Under what circumstances is MLX supposed to provide a speedup over sentencepiece? In a naive test with the same SPM .model file, I'm able to tokenize 1000 batches in 13 seconds with sentencepiece, and it takes over 5 minutes with MLX. Hardware is M2 Macbook Pro with 64GB unified memory. Is the CharTrie tokenization only useful when paired with key_transform? Are there plans to add a "tokenize_batch" with better parallelization/concurrency?

Code for reference:

class Tokenizer:
    def __init__(
        self, 
        model_path: str, 
        use_mlx: bool = False,
        mlx_tokenize_shortest: bool = False,
    ):
        assert Path(model_path).exists(), model_path
        self.use_mlx = use_mlx
        self.mlx_tokenize_shortest = mlx_tokenize_shortest
        self.spm_model = SentencePieceProcessor(model_file=model_path)
        assert self.spm_model.vocab_size() == self.spm_model.get_piece_size()
        if self.use_mlx:
            try:
                from mlx.data.core import Tokenizer as MLXTokenizer
                from mlx.data.tokenizer_helpers import read_trie_from_spm
            except ImportError:
                raise ImportError("Please install MLX to use MLX Tokenizer")
            trie, weights = read_trie_from_spm(model_path)
            try:
                self.mlx_model = MLXTokenizer(trie, trie_key_scores=weights)
                print(f"Loaded trie with {trie.num_keys()} keys.")
                assert self.spm_model.vocab_size() == trie.num_keys()
            except Exception as e:
                print(f"Unable to load trie into MLX Tokenizer: {e}. Using SentencePiece instead.")
                self.use_mlx = False

    @property
    def vocab_size(self) -> int:
        return self.spm_model.vocab_size()

    @property
    def bos_id(self) -> int:
        return self.spm_model.bos_id()

    @property
    def eos_id(self) -> int:
        return self.spm_model.eos_id()

    @property
    def pad_id(self) -> int:
        return self.spm_model.pad_id()

    @property
    def mask_id(self) -> int:
        # unknown kind of spiritually makes sense as mask
        return self.spm_model.unk_id()

    def __call__(
        self, 
        t: Union[str, list[str]],
        max_length: int,
        pack: bool = False,
        use_bos: bool = False,
        use_eos: bool = True,
        format: Literal["np", "mx"]= "mx",
        tokens_only: bool = False
    ) -> np.ndarray:
        if isinstance(t, str):
            t = [t]
        return self.encode_batch(t, max_length, pack, use_bos, use_eos, format)

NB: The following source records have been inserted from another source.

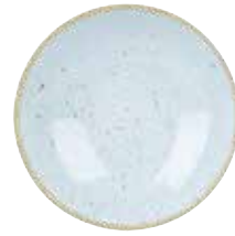
COUPE BOWL SDESEVB91 24.8cm 9 3/4" 113.6cl 40oz CTN QTY 12 ✦ SDESEVB71 18.2cm 7 1/4" 42.6cl 15oz CTN QTY 12 ✦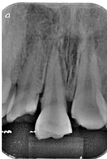
Fig. 2. Periapical X-ray view of the upper central incisors, showing widening of the periodontal ligament of the upper right central incisor secondary to extrusive luxation.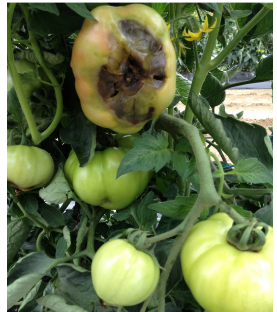
Blossom end rot.

Many growers focus on calcium (Ca) at this stage in order to avoid blossom end rot (BER) later in the season. However, BER is more an imbalance of Ca within tomato plants themselves rather than lack of Ca availability, and more often than not, it is related to soil moisture fluctuation, heat stress, and sometimes, excessive nitrogen rather than a deficiency of calcium in the soil. Potassium (K) deficiency, in concert with excessive heat, can be an even greater problem for quality fruit production than Ca, resulting in blotchy ripening, yellow shoulders, and grey wall. Indeterminate varieties in tunnels and greenhouses continuously carry heavy loads of fruit, so potassium demand remains high from early summer onward. (See “Abiotic Disorders of Tomato” in the June 15, 2023 Issue of Vegetable Notes for more on these and other physiological disorders.)

    def _pad(self, tokens: ak.Array, max_length: int):
        tokens = ak.pad_none(tokens, target=max_length, axis=-1, clip=True)
        tokens = ak.fill_none(tokens, self.pad_id)
        return tokens

    def _unpad(self, tokens: ak.Array):
        tokens = ak.from_regular(tokens)
        is_pad = tokens == self.pad_id
        return tokens[~is_pad]

    def encode_single_mlx(
        self,
        text: str,
    ):
        if self.mlx_tokenize_shortest:
            tokens = self.mlx_model.tokenize_shortest(text)
        else:
            tokens = self.mlx_model.tokenize_rand(text)
        return tokens

    def encode_batch(
        self, 
        batch: list[str],
        max_length: int,
        pack: bool = False,
        use_bos: bool = False,
        use_eos: bool = True,
        tokens_only: bool = False
    ) -> np.ndarray:
        if self.use_mlx:
            tokens = ak.Array([self.encode_single_mlx(text) for text in batch])
        else:
            tokens = ak.Array(self.spm_model.encode(batch))
        if use_bos:
            tokens = ak.concatenate([ak.full_like(tokens[:, :1], self.bos_id), tokens], axis=1)
        if use_eos:
            tokens = ak.concatenate([tokens, ak.full_like(tokens[:, :1], self.eos_id)], axis=1)
        if pack:
            # pack into batches of max_length
            sequence_ids = ak.zeros_like(tokens) + range(len(tokens))
            tokens = ak.flatten(tokens, axis=None)
            sequence_ids = ak.flatten(sequence_ids, axis=None)
            n_to_truncate = len(tokens) % max_length
            tokens = np.asarray(tokens)[:-n_to_truncate].reshape(-1, max_length)
            sequence_ids = np.asarray(sequence_ids)[:-n_to_truncate].reshape(-1, max_length)
            if tokens_only:
                return tokens
            return {
                "input_ids": tokens,
                "sequence_ids": sequence_ids, # these are for block diagonal attention
                "attention_mask": np.zeros_like(tokens)
            }

        else:
            # keep sequences separate; pad or truncate to max_length
            tokens = np.array(self._pad(tokens, max_length))
            mask = np.where(tokens != self.pad_id, 0, float("-inf"))
            if tokens_only:
                return tokens
            return {
                "input_ids": tokens,
                "sequence_ids": np.zeros_like(tokens),
                "attention_mask": mask
            }

def test():
    tokenizer_file = "tokenizer.model"
    spm_tokenizer = Tokenizer(tokenizer_file, use_mlx=False)
    mlx_tokenizer = Tokenizer(tokenizer_file, use_mlx=True)

    random_texts = [
        """Lorem Ipsum is simply dummy text of the printing and typesetting industry. Lorem Ipsum has been the industry's standard dummy text ever since the 1500s, when an unknown printer took a galley of type and scrambled it to make a type specimen book. It has survived not only five centuries, but also the leap into electronic typesetting, remaining essentially unchanged. It was popularised in the 1960s with the release of Letraset sheets containing Lorem Ipsum passages, and more recently with desktop publishing software like Aldus PageMaker including versions of Lorem Ipsum."""
    ] * 500
    import time
    start = time.time()
    for i in tqdm.tqdm(range(1_000)):
        spm_tokenizer(random_texts, 512, pack=True, use_bos=False, use_eos=True)
    print(f"spm: {time.time() - start:.3f}s")

    start = time.time()
    for i in tqdm.tqdm(range(1_000)):
        mlx_tokenizer(random_texts, 512, pack=True, use_bos=False, use_eos=True)
    print(f"mlx: {time.time() - start:.3f}s")

test()

angeloskath commented 9 months ago

Hi @andersonbcdefg, sorry for the extremely late reply.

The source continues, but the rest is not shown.